1. year of study: Explore
In our modules “Image Generating Practices” and “Visual Narratives”, you will learn the technical, editorial and narrative fundamentals of image production and visual storytelling.
2. year of study: Expand
The programme content of the first year is enriched with moving images and new imaging technologies. We engage with transmedia storytelling, that is, we discuss using and reflecting on different media, moving images, found footage from YouTube and social media, archive materials and computer-generated images to help us tell a story.
3. year of study: Apply
In the third year, you will further consolidate your technical skills, with a stronger focus on new imaging technologies. At the same time, you will start researching possible topics for your BA project. A mentor will provide advice and guidance throughout the process.
Areas of competence
To ensure a successful career in photography and visual media, you will develop the following skills during your studies:
Image competence and media reflexivity
We live in a world that is ever more reliant on images. Photography is everywhere and a regular feature of our day-to-day lives. Moreover, new imaging processes as well as AI constantly expand the existing spectrum of photographic images, requiring a new and critical way to perceive them and engage with them. To develop extensive image competence is therefore extremely important. At Camera Arts, you will, on one hand, learn to produce high-quality images, to apply conceptual thinking, to master the mechanics of visual storytelling, and on the other hand, to read, classify, contextualise images correctly and to critically reflect on them. In this process, you will acquire extensive knowledge on how to engage with images. It will be of vital importance in any professional field within visual media.

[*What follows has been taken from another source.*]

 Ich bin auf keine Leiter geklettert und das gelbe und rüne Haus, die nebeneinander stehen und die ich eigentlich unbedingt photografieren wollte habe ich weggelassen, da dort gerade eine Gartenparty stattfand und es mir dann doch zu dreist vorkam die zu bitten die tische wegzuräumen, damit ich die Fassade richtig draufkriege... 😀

Editorial/communicative skills
In addition to teaching the practical skills around realising photography and visual projects, the programme offers you the opportunity to gain an expert-level understanding of editorial processes. How can I put texts and images in relation to each other? What kinds of visual dialogues do I want to create and how do they change depending on the presentation mode? How can I translate my project into a publication, a magazine, a website, an exhibition? What do I have to watch out for, what kinds of question do I need to ask? How can I communicate my content, how do I speak about my images? Being aware of these questions and to have the skills to answer them, is a basic prerequisite for working with images and thus for all activities within the ever-changing field of visual media.
Transmedia Storytelling
How can I tell a visual story? What are the narrative strategies, what do I want to say and how? What are the visual media at my disposal and which ones should I use?
Our two core modules, “Visual Narratives” and “Transmedia Storytelling”, are dedicated to these very questions. Here, you will learn to work in series, to build images on each other and to combine them in a way that allows you to develop new perspectives and to tell stories far removed from convention. In short, you will learn to express your own point of view in a personal, reflective and multilayered way. In times when the uses and possibilities of photography are rapidly developing, we make a point of integrating the medium’s transmedia qualities, and of expanding our creative practice through video, the moving image, sound, and AI.

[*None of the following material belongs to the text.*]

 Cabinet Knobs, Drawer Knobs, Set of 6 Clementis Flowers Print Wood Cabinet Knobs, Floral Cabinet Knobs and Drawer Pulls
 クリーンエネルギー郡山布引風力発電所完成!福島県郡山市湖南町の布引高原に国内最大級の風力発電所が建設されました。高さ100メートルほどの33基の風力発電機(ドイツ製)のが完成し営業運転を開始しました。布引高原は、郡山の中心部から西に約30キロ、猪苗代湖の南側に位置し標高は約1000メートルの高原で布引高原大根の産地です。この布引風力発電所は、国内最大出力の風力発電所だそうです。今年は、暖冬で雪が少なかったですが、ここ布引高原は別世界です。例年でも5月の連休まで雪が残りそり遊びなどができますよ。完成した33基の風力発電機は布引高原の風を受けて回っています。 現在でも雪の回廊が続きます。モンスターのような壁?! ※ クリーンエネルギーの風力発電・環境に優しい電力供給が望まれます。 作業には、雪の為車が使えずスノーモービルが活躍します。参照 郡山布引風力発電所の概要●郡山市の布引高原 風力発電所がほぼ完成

Accordingly, the content of our classes goes far beyond the design of, and techniques for, photography projects. You will learn to steer projects, to work in groups, to engage in discussions, to foster a constructive feedback culture and to achieve a common goal in group projects. While these are requirements for many fields, they are of particular importance in artistic and design professions.
Presentation skills
How do I present myself, how do I talk about my work? How can I engage with experts in my professional field in an empathic, friendly way without making myself too small or being self-aggrandising?
In addition to media and editorial skills, the ability to communicate and to write and talk about one’s own work and to engage with others empathically are important soft skills for any visual artist. That is why we have included a number of additional workshops on journalistic and creative writing and on self-presentation skills in our curriculum.
Ability to work in a complex team environment
Students practice working in teams in all our modules. You will learn to steer projects, to work in groups, to engage in discussions, to foster a feedback culture and to achieve a common goal in group projects. In addition to the design skills and techniques associated with photography projects, these are requirements for many artistic and design professions.
Process design
How should I approach a project, design a process suitable for my project and decide whether to complete it on my own or as a group assignment? How can I best leverage the creative potential of a process?
To understand and use the process as an important, inspiring element of one’s own creative practice is a key ability to master in today’s creative professional environment. Learning and knowledge of process design is therefore an integral part of all our modules.
These six areas define the core skills that are entrenched in each module to varying degree. The design, didactic setup and structure of our modules, which are both general and specialised in nature and offered as compulsory and required elective modules, is geared towards helping you to develop the required skills according to your personal strengths.
Throughout the programme, mentors from your team of lecturers will be available for coaching sessions. We will help and support you to make the right decisions relating to your studies and career after graduation.